What needs to be done:
Write exactly the lines running from the start of the material below to the line that includes "Aparador de madera con espejo y mármol", and include no pictures.

Extracted information:
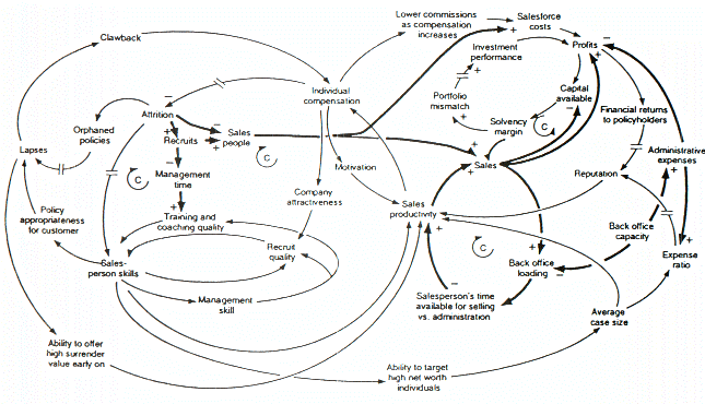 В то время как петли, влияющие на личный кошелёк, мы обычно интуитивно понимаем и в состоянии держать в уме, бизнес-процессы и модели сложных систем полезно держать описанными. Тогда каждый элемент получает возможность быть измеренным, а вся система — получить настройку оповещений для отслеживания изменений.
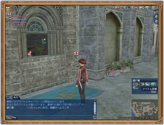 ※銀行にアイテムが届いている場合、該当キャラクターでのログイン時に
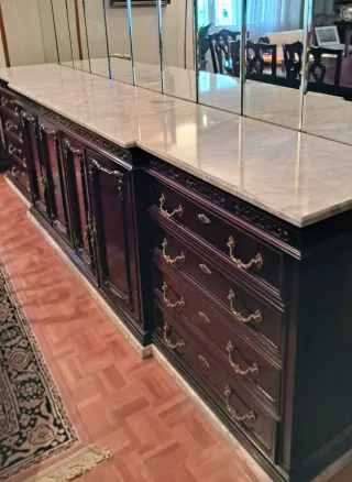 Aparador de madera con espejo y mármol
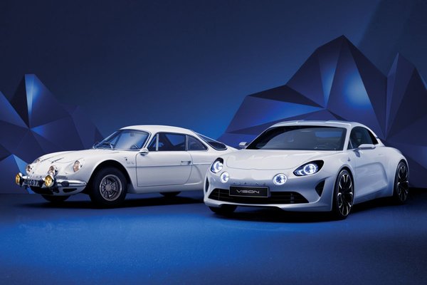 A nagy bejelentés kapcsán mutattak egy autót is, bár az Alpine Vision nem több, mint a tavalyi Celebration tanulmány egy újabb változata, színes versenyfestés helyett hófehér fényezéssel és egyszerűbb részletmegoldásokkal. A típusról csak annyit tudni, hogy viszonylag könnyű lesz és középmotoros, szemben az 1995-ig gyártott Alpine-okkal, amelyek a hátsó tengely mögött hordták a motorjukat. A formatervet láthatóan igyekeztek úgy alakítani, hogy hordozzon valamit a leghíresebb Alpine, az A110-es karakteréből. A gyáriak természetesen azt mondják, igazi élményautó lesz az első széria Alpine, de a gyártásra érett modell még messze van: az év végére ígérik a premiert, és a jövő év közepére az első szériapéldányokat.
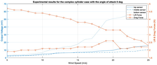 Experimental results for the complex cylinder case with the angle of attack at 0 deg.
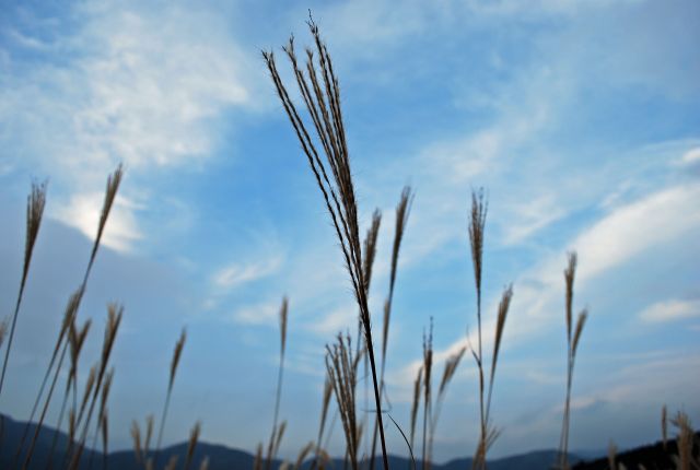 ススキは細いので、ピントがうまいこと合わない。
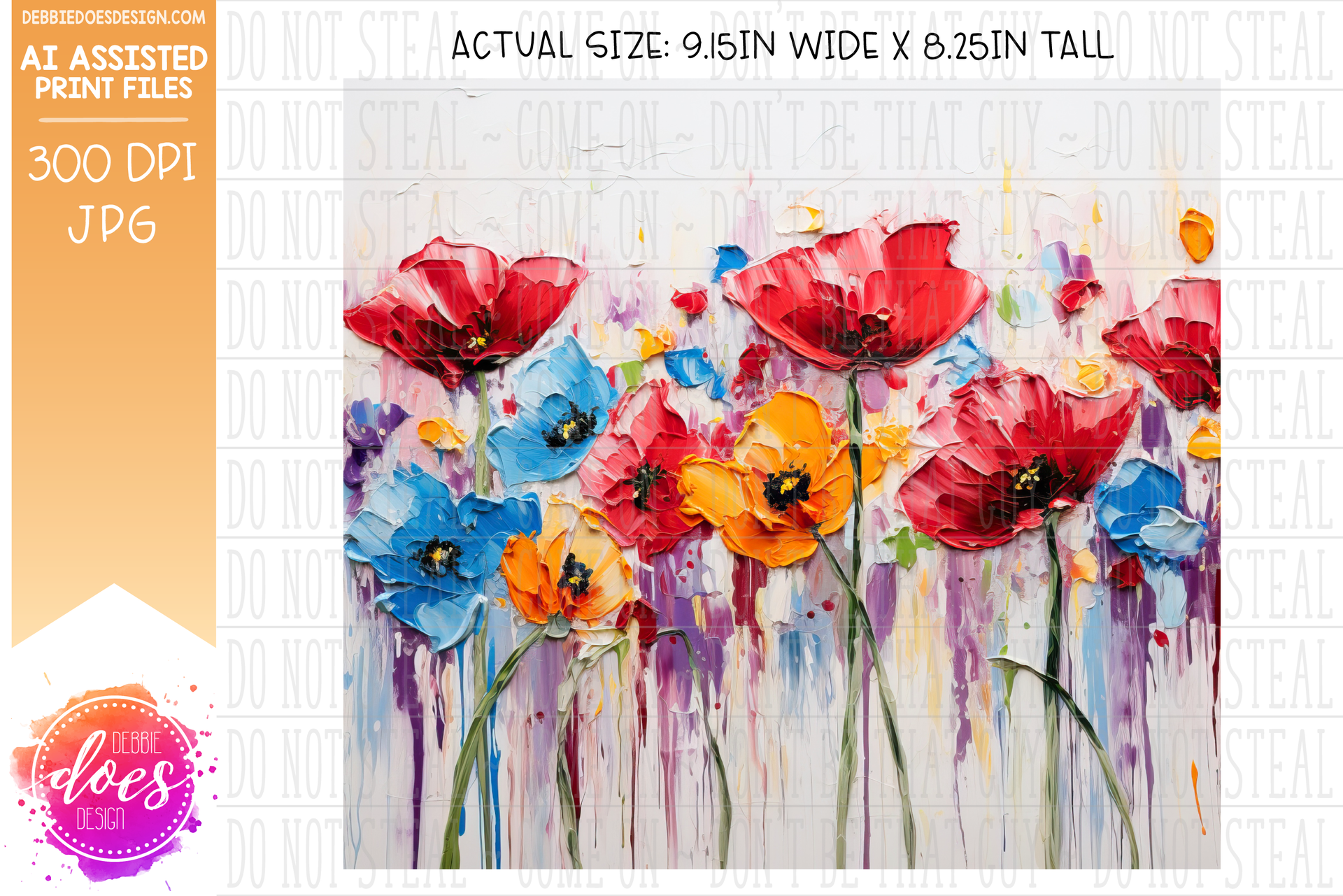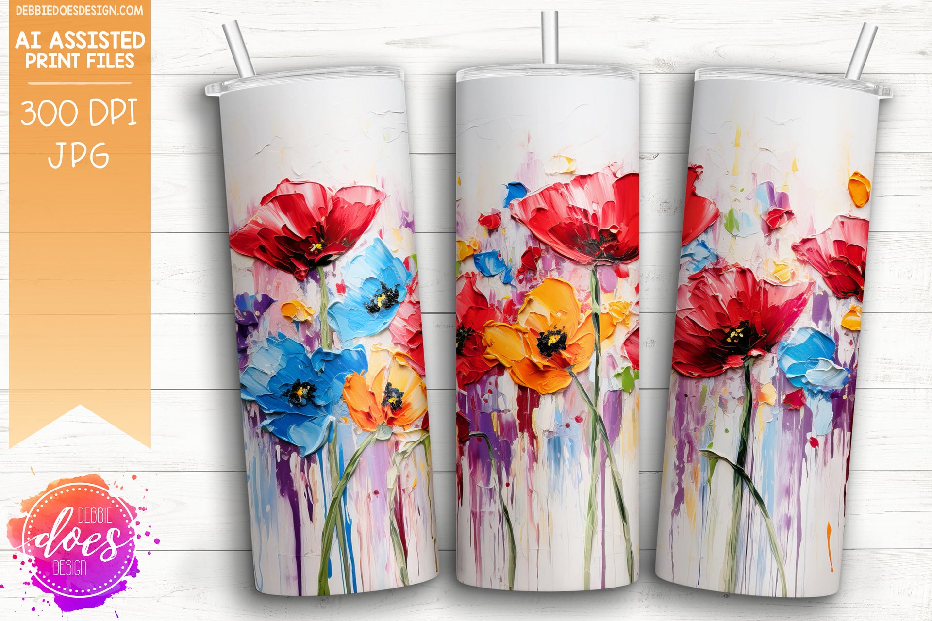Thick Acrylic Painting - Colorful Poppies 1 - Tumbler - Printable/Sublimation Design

Response to this task:
 В то время как петли, влияющие на личный кошелёк, мы обычно интуитивно понимаем и в состоянии держать в уме, бизнес-процессы и модели сложных систем полезно держать описанными. Тогда каждый элемент получает возможность быть измеренным, а вся система — получить настройку оповещений для отслеживания изменений.
 ※銀行にアイテムが届いている場合、該当キャラクターでのログイン時に
 Aparador de madera con espejo y mármol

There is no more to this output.